The rapid decline in RBS’s fossil fuel financing in recent years – in 2016 we calculate it did $3.7 billion in dirty financing – has coincided with the business shake-up and post-crash global retrenchment which McEwan was tasked to deliver. The upshot is that RBS has been reduced to focusing on customers in the UK and Ireland.
Public concern about climate change is skyrocketing and more and more young people prepare for the next international climate strike. As Sir David Attenborough’s revealed to a huge BBC audience last week the pernicious antics of the fossil fuel lobby over the last 30 years in successfully obfuscating the risks of man-made climate change, there is a peculiar dilemma facing RBS right now: despite the drying up of its fossil fuel finance, its policy positions still leave the door open to big oil, to the Arctic drillers and to the frackers.
This point was driven home to us during the consulting with RBS staff of our recent report’s scoring of the bank’s sectoral policies.

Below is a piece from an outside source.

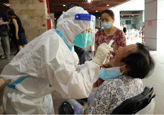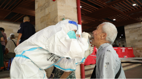 医护队伍到社区来,免去了群众的反复奔波,在医护队伍到达前,现场已排起了近百米的队伍。“不用我走上去,我站不了的。很感动,现在我们大中国真是让我们老百姓感动。”在社区,有较多行走不便的老人家坐着轮椅前来配合核酸采样工作。由于核酸采样点前有数级阶梯,为了让老人家少走动,医护人员就走下来为他们进行核酸采样。
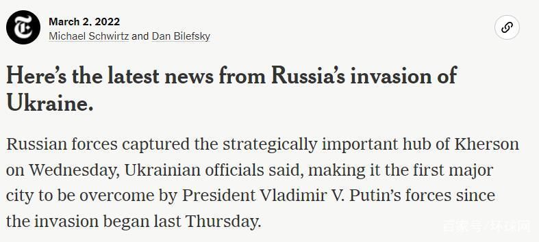 【环球网报道】据美国《纽约时报》最新消息,乌克兰赫尔松市长伊戈尔·科雷哈耶夫及乌克兰官员表示,俄军周三(3月2日)占领了乌南部重要战略城市赫尔松,该市由此成为自上周四(2月24日)俄罗斯“入侵”乌克兰以来,俄军攻占的乌克兰首个主要城市。

We had awarded a fairly positive ‘B-‘ grade to RBS’s apparently highly restricted approach to financing coal power. In response, we learned from staff that, in fact, if a coal plant project featuring carbon capture and storage (CCS) or another abatement technology was presented to it, then RBS would consider financing it.
After a scratch of our heads, and a consideration that a CCS equipped coal plant in the UK or Ireland does not seem feasible in the next ten years (or ever), we revised the grade down to ‘C+’.

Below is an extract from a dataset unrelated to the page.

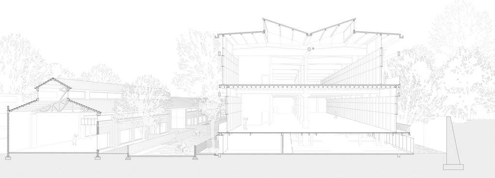 结合原有建筑图纸和结构鉴定资料,我们对保存质量不一的园区建筑采取加固、置换、新建等设计方式。模具车间是体量最大的建筑,始建于1970年代,为钢筋混凝土排架结构。为满足使用功能和结构加固需求,我们将首层空间分为两层,增设钢结构,形成“箱体”结构,增强抗震性能。顶层植入倒八字形钢结构天窗,解决采光问题,让天光与绿意交相辉映。

This kind of anomaly, as well as the wider disconnect between RBS’s actual real time marginal fossil fuel finance and the continued hedging of its bets via lax policy coverage, could quickly become a thing of the past if robust climate leadership and action is taken up full square at the top of the bank.
By contrast, at HSBC’s AGM a few weeks ago, with student climate strikers thronged outside, HSBC’s John Flint completely flew in the face of these climate emergency times and took fossil fuel finance excuse-making to a new level, remarking: “We don’t need to end fossil fuel financing now, because we haven’t yet reached the planet’s peak carbon consumption.”
There is a huge opportunity for RBS to become the global climate leader in the banking sector, and hopefully help drag some of the sector’s dinosaurs along with it. The Bank of England’s governor Mark Carney last week laid down his most urgent climate change warning to the banking sector, and climate protestors are watching on with increasing impatience and considering who to target next.
Memo to potential successors to Ross McEwan: if RBS wants to seize the moment, it could and should close its doors to the fossil fuel industry for good.
Greig Aitken is a climate campaigner at BankTrack, which is coordinating the global Fossil Banks, No Thanks! campaign calling on the world’s major private sector banks to end their financing for fossil fuel projects and companies.